Could you print the stretch of lines below from the one with "南县教育局关于敦促在编不在岗教师限期返岗的公告" through the one with "Premijera predstave „Legija", exactly as they stand and without any pictures?

§ **GIVEN RECORDS**:
□ □ □ □

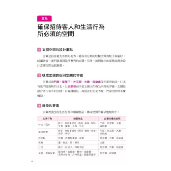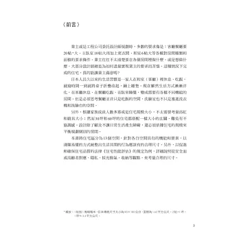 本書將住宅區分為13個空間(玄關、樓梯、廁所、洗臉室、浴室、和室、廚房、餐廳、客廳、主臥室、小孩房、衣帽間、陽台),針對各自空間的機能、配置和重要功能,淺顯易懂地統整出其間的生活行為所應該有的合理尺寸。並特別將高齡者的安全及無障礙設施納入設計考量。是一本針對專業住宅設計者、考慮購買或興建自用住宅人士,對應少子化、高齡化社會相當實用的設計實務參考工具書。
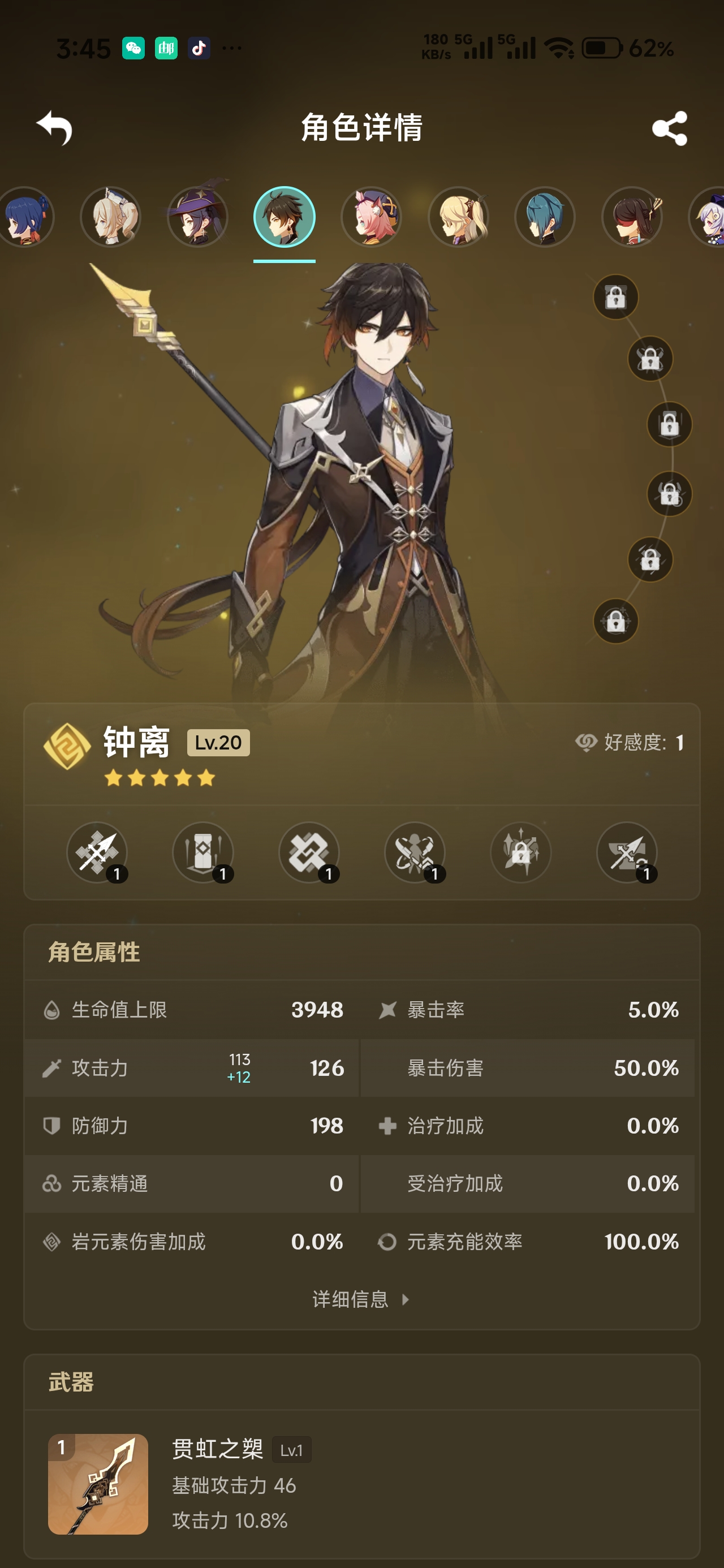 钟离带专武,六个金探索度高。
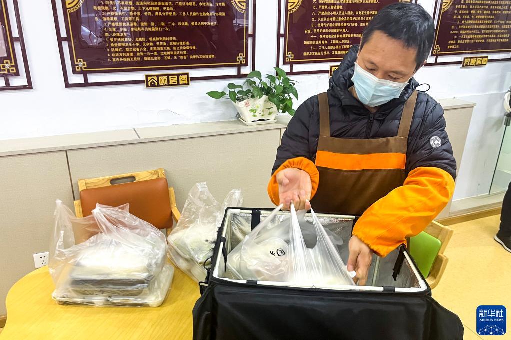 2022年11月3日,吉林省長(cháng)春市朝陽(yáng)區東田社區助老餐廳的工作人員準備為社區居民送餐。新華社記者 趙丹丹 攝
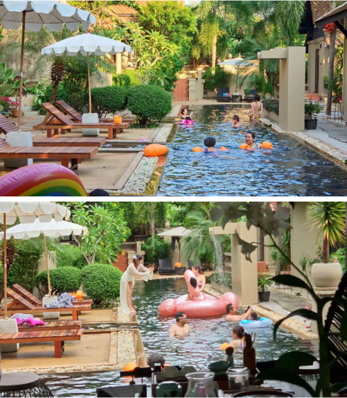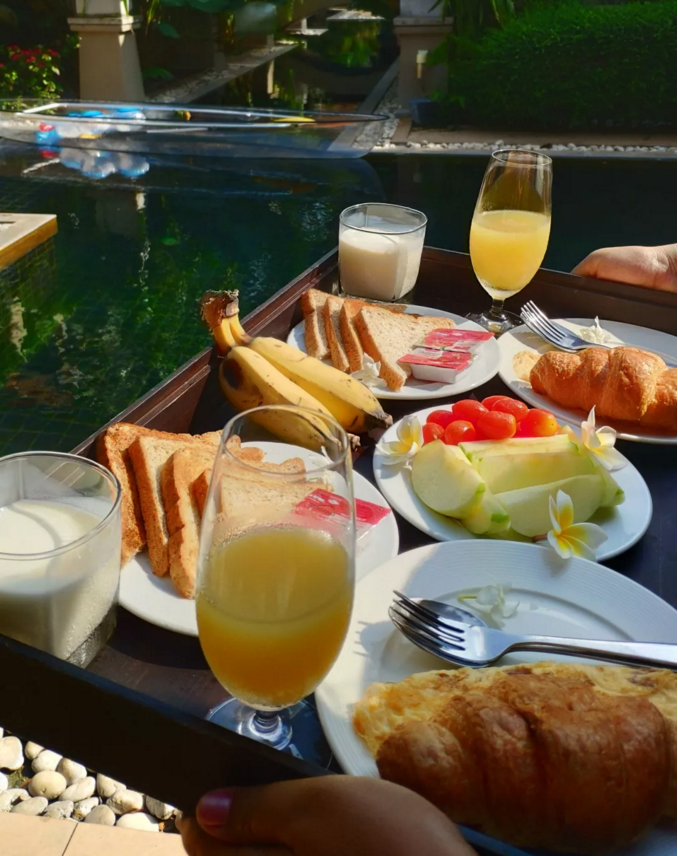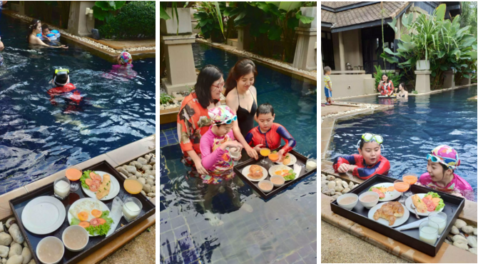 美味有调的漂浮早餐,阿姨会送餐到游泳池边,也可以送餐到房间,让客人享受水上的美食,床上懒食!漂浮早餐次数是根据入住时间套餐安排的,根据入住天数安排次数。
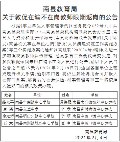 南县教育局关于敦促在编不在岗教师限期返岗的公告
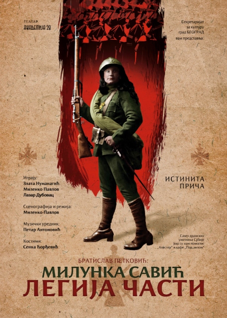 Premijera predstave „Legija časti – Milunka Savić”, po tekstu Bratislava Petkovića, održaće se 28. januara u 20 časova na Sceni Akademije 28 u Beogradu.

□ □ □ □

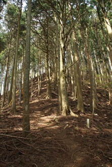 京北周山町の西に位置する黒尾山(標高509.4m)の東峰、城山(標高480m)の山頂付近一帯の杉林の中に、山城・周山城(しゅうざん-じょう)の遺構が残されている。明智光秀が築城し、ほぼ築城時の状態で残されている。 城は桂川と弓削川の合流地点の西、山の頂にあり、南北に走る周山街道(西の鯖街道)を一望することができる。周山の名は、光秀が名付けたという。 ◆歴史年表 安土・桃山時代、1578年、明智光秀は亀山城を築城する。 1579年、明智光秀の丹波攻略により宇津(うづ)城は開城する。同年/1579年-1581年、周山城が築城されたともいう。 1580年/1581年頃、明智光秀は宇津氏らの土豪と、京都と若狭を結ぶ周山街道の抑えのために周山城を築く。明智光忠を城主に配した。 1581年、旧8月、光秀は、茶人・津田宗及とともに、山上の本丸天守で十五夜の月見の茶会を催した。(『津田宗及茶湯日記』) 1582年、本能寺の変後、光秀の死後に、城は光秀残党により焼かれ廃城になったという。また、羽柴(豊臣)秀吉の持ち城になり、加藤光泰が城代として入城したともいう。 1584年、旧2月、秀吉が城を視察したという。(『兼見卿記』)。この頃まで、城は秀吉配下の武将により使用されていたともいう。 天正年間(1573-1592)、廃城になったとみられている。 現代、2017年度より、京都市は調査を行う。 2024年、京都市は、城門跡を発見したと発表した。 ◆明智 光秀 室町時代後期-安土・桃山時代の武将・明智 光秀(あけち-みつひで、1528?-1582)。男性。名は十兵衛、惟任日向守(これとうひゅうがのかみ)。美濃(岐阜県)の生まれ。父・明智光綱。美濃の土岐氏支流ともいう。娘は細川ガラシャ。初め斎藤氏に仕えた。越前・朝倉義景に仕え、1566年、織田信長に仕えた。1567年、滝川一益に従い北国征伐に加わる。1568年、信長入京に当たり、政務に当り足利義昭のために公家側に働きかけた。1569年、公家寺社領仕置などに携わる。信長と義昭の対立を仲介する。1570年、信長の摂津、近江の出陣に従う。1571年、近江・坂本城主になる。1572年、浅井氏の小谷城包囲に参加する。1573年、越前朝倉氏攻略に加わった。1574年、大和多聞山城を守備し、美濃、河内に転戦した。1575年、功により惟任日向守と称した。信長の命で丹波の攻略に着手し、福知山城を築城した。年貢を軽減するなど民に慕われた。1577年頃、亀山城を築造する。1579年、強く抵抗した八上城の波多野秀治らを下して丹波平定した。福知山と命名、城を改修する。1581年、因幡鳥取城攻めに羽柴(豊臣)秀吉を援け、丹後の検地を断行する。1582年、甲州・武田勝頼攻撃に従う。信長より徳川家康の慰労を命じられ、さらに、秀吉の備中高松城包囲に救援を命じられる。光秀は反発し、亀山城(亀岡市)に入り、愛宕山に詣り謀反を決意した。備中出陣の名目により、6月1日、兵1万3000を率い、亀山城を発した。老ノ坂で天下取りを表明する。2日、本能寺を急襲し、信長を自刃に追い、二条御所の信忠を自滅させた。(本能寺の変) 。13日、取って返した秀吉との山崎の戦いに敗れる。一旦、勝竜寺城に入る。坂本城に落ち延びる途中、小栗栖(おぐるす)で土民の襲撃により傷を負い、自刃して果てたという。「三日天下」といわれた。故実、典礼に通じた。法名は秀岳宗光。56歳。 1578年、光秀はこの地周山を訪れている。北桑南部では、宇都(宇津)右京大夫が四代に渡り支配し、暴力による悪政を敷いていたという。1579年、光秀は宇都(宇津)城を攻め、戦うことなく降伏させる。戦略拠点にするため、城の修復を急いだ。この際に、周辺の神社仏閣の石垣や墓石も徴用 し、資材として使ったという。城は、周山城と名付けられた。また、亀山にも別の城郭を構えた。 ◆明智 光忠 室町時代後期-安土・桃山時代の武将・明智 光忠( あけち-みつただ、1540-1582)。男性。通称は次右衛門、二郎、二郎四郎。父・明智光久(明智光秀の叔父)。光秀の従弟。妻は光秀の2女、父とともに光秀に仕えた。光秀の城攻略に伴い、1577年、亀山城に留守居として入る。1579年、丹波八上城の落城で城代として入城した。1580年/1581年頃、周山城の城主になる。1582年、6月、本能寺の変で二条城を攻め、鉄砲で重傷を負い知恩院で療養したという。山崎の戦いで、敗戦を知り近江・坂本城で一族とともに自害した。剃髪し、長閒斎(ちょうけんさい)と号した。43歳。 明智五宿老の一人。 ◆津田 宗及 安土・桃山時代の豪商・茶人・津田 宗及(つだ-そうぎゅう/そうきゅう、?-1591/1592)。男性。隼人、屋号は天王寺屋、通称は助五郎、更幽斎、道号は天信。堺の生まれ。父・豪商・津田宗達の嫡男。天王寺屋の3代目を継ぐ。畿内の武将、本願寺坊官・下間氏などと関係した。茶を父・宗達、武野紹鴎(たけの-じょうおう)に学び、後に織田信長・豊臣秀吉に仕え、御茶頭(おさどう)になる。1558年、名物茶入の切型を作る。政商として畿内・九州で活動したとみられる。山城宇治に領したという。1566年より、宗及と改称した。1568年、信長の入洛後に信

□ □ □ □

§ **PROBLEM SOLUTION**:
 南县教育局关于敦促在编不在岗教师限期返岗的公告
 Premijera predstave „Legija časti – Milunka Savić”, po tekstu Bratislava Petkovića, održaće se 28. januara u 20 časova na Sceni Akademije 28 u Beogradu.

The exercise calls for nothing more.